L-glutamate is an important amino acid widely used as a food additive because of its taste enhancing property. In neurochemistry, it is a major excitatory neurotransmitter of the central nervous system and the enteric nervous system. L-glutamate can be measured by chromatographic methods which are complicated, time-consuming and require extensive sample pretreatment. The enzymatic method is chosen to overcome the problems mentioned above. Glutamate dehydrogenase (GDH) and glutamate decarboxylase (GDC) have been employed for the determination of L-glutamate.

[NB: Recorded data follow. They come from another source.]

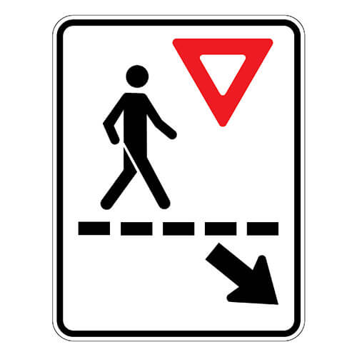 Affiche passage piéton à droite Dimensions 24×30 Aluminium 0.064 Vinyle grade ingénieur Impression UV Fond blanc Lettrage noir Avec pictogrammes Prix à l’unité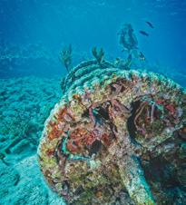 The Vitric may have given Molasses Reef its name, but it’s not the most famous wreck to have foundered here. In 1887, an Austrian ship loaded with cotton out of New Orleans crashed into the shallow-water coral formations. As the schooner took on water, the bales of cotton expanded until the pressure caused the ship to break apart. Today, most of the boat has disintegrated except for its windlass, which sits at roughly 25 feet below water, and has become a popular destination for divers and snorkelers. The metal winch makes for spectacular viewing underwater and fantastic dive photos.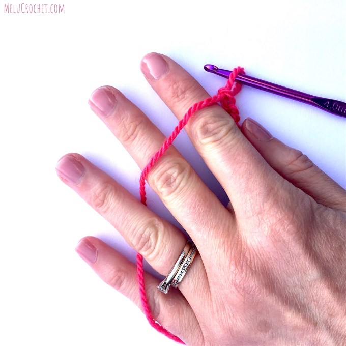 The yarn needs to be held with tension so that the stitches are a regular size, this comes with practice but it is a good habit to raise either your index or middle finger and hold the work with the other so that you can easily progress to more advanced stitches.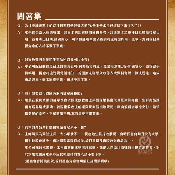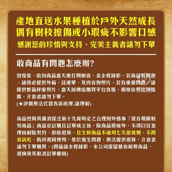 備註欄:網路購買生鮮農產品請注意以下事項: 1.商品性質具備消保法第十九條所定之合理例外情事「保存期限較短商品」, 商品經訂購且訂單成立後, 除商品瑕疵外,不得以任意理由解除契約、拒收退貨、且生鮮商品不適用七天鑑賞期,不開放試吃,拆封視同使用,基於衛生問題,無法提供退貨,介意者請勿下單購買。 2.生鮮水果反覆寄送易造成損壞.任意拒收所產生的運費及商品損壞費用.概由消費者承擔支付,下單前請三思.有需要再購買。 3.收到商品後應於當天打開檢查,並全程錄影拍照,若商品有問題,請務必提供商品外箱、託運單、及內容物照片,若有重量問題,請提供秤重照,當天回傳給購買平台客服,損壞依照比例賠償,介意者請勿下單。 4.農產品接到訂單後才會採果出貨,網頁出貨時間僅供參考.請以水果實際成熟採收日期為主.若對日期很在意的人.請不要下單。 5.商品出貨後會有1-2天配送時間,請保持手機暢通,留意物流司機大哥通知送貨電話若因電話無法聯繫上收貨人,或收件人配送地址填錯.造成商品毀損,概不同意退貨,可接受再下單。 6.生鮮蔬果為天然生長,大小形狀不一, 視產地狀況而定有時候會自動升級為大果.粒數會減少.實物與電腦偶有誤差,請以銷售頁面標示重量規格,及實際收到整箱商品之為主。 7.開箱請記得全程錄影。本公司保留最後解釋商品及商品退換貨及取消訂單權利。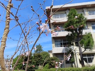 2月、創立記念事業サポート会に寄贈・植樹していただいた桜(ソメイヨシノ)が開花しました。これから長きにわたって、治中生とともに、大きく元気よく成長していくことを願っています。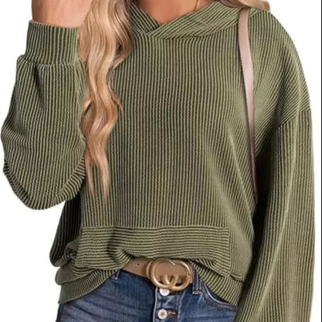 Sudaderas con capucha de mujer Sudaderas Camisas de punto acanaladas de manga larga sueltas informales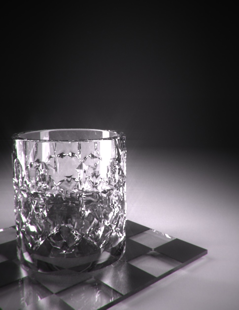 De todas formas, con el motor interno de render no puedes hacer un render realista del cristal posiblemente a lo máximo que llegues es a lo que ya tienes (una vez subido el depth).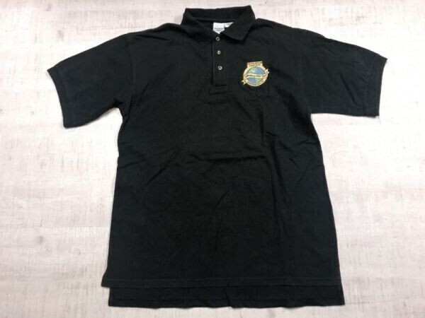 > USA製 COTTON DELUXE CASUALS製 富士フイルム FUJIFILM GREENWOOD グリーンウッド 90s 企業物 古着 10周年 半袖ポロシャツ メンズ L 黒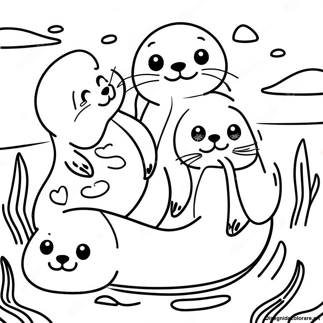 Pagina Da Colorare Di Una Famiglia Di Lontre Di Mare Giocose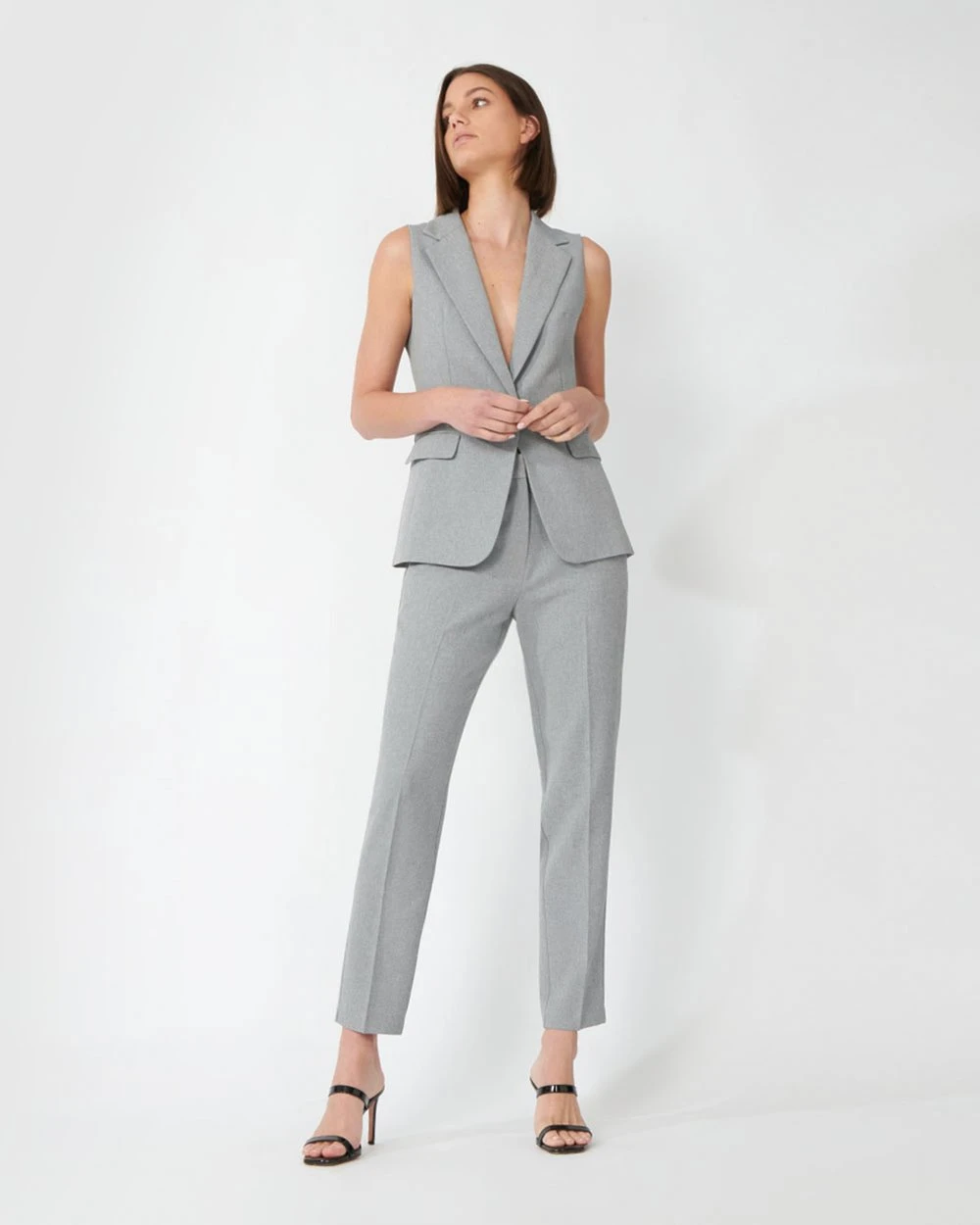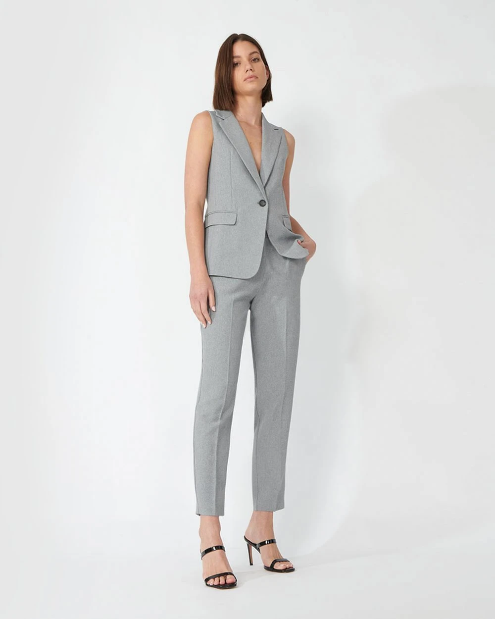 Keep your look in check with the Kamila Vest Jacket by Forcast and give your corporate closet an update. A contemporary update on a classic look, this design is guaranteed to have you looking sophisticated and professional on any day of the week. Pair it with the matching Kamila Slim Pants and simple pumps to finish the look.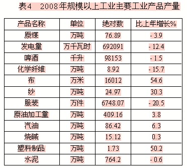 主要工业品产量有增有减。原煤76.89万吨,下降3.9%;化学纤维8.92万吨,下降15.7%;纱24.97万吨,增长30.3%;服装6748.07万件,下降20.5%。(见表4)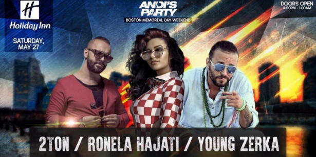 ANDIS PARTY Presents BOSTON MEMORIAL DAY WEEKEND PARTY Featuring YOUNG ZERKA -- RONELA HAJATI -- 2TON SATURDAY MAY 27 @ 8:00 PM Holiday Inn & Suits Boston-Peabody 1 Newbury Street Peabody, MA 01960 Tickets: $40 Online / $50 @ The Door (ALL AGES WELCOME)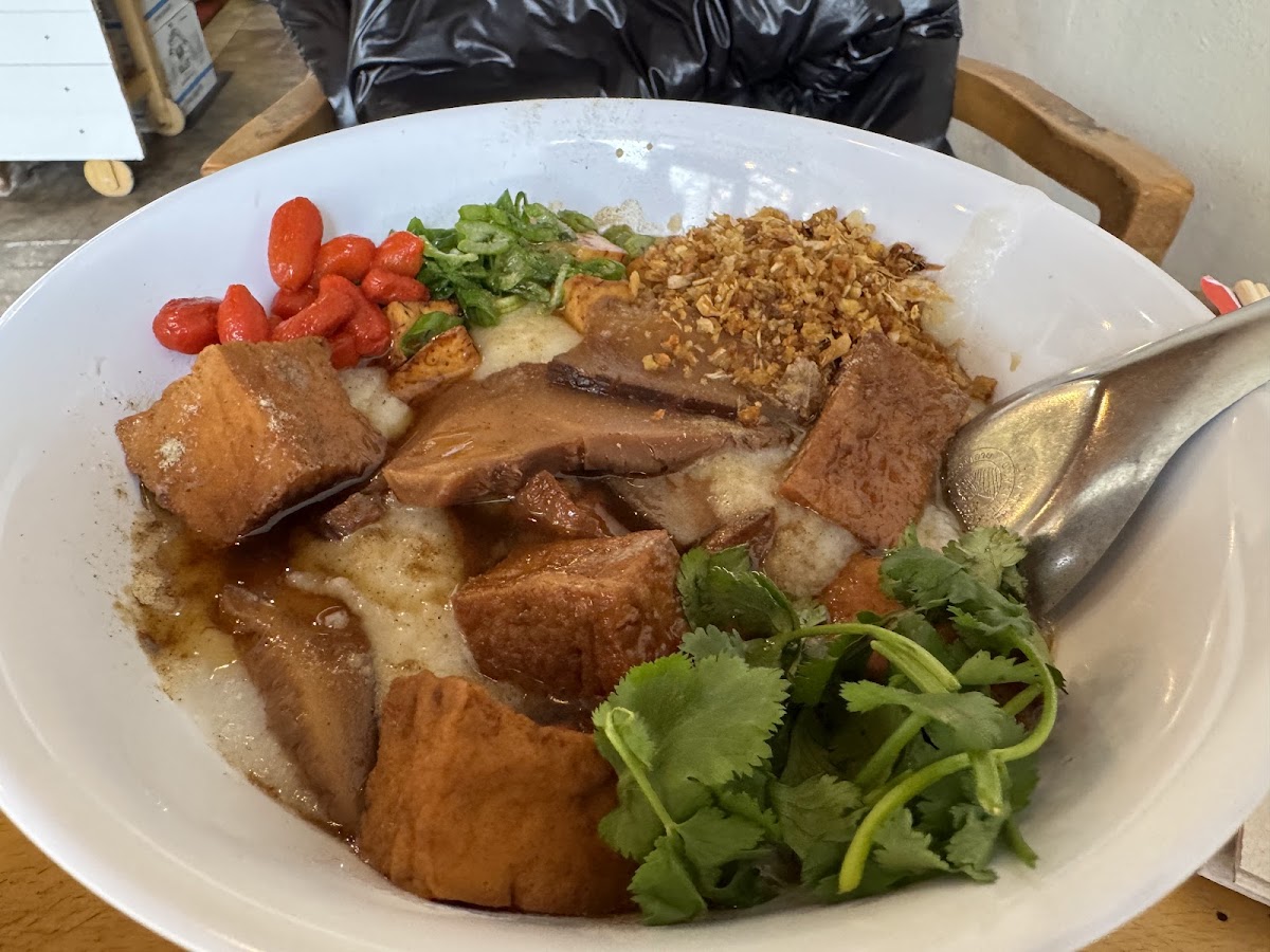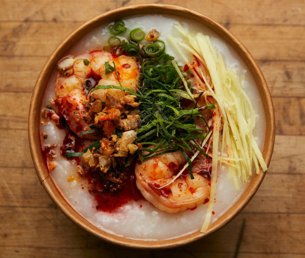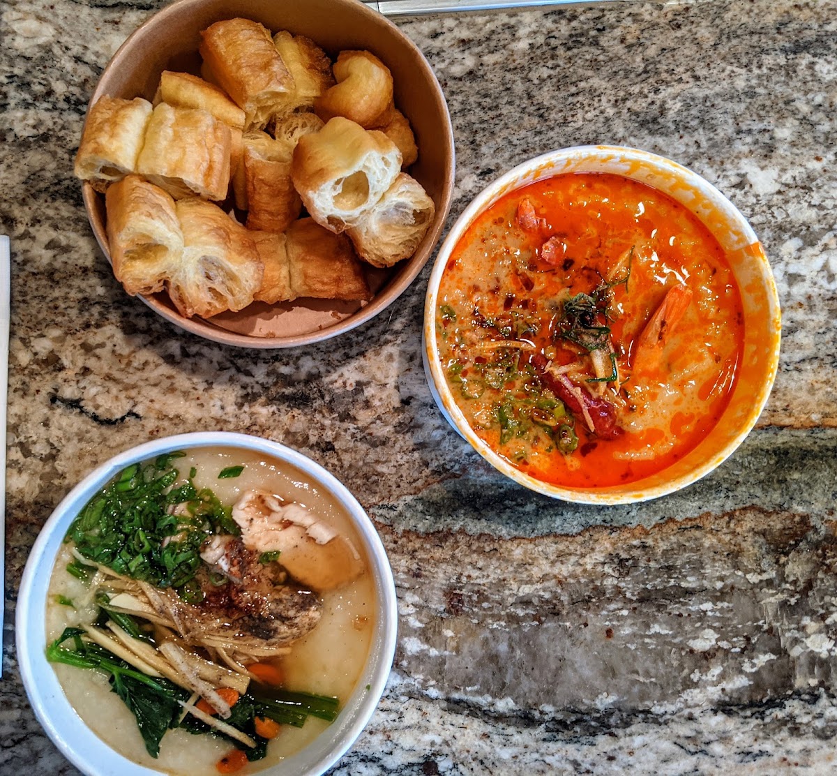 Good food and great location. Simple menu with a handful of options, easy to customize, good protein. Their seafood options are pretty good and generous. The hot soy drink was a nice touch. Got the seafood Tom yum shrimp with soft boiled egg and the crab with century egg congee. The pictures from a year ago looked like they had a better balance of tom yum soup to congee. Mine was not as red. The place was clean and the people were nice. Takeout options available. Overpriced for what it is. Not a lot of space to sit, it's pretty tiny.

However, the GDC and GDH have some drawbacks due to poor substrate specificity and the requirement for expensive coenzyme such as NAD⁺. L-glutamate oxidase (GLOD) is used instead due to the relatively high substrate specificity comparing to GDH and GDC and no requirement for additional coenzyme.

L-glutamate oxidase is an enzyme that specifically catalyzes the oxidative deamination of L-glutamate in the presence of water and oxygen with the formation of a-ketoglutarate, ammonia and hydrogen peroxide. The hydrogen peroxide formed in this reaction can easily be detected by the chromogenic peroxidase reaction or amperometric method. Therefore, L-glutamate oxidase holds excellent potential for use as the principle component in the determination of L-glutamate.

In this study, we conducted a screening for glutamate oxidase-producing microorganisms from natural sources and investigating the physical and biochemical characteristics of the GLOD after the purification steps.

The extracellular GLOD was produced in wheat bran medium containing 2.0% wheat bran, 0.5% NaCl and 0.5% MSG. The maximum GLOD production was obtained from the cultivation of Streptomycessp. 18G in wheat bran medium at 30ºC for 60 hrs with shaking at 200 rpm. The enzyme subjected to purification steps including precipitation with ammonium sulfate, ion-exchange chromatography and gel filtration chromatography, respectively. The overall purification was 990 fold with a yield of 16.65%. The purified enzyme showed a single band in SDS-PAGE and had a specific activity of 152.35 U mg^-1.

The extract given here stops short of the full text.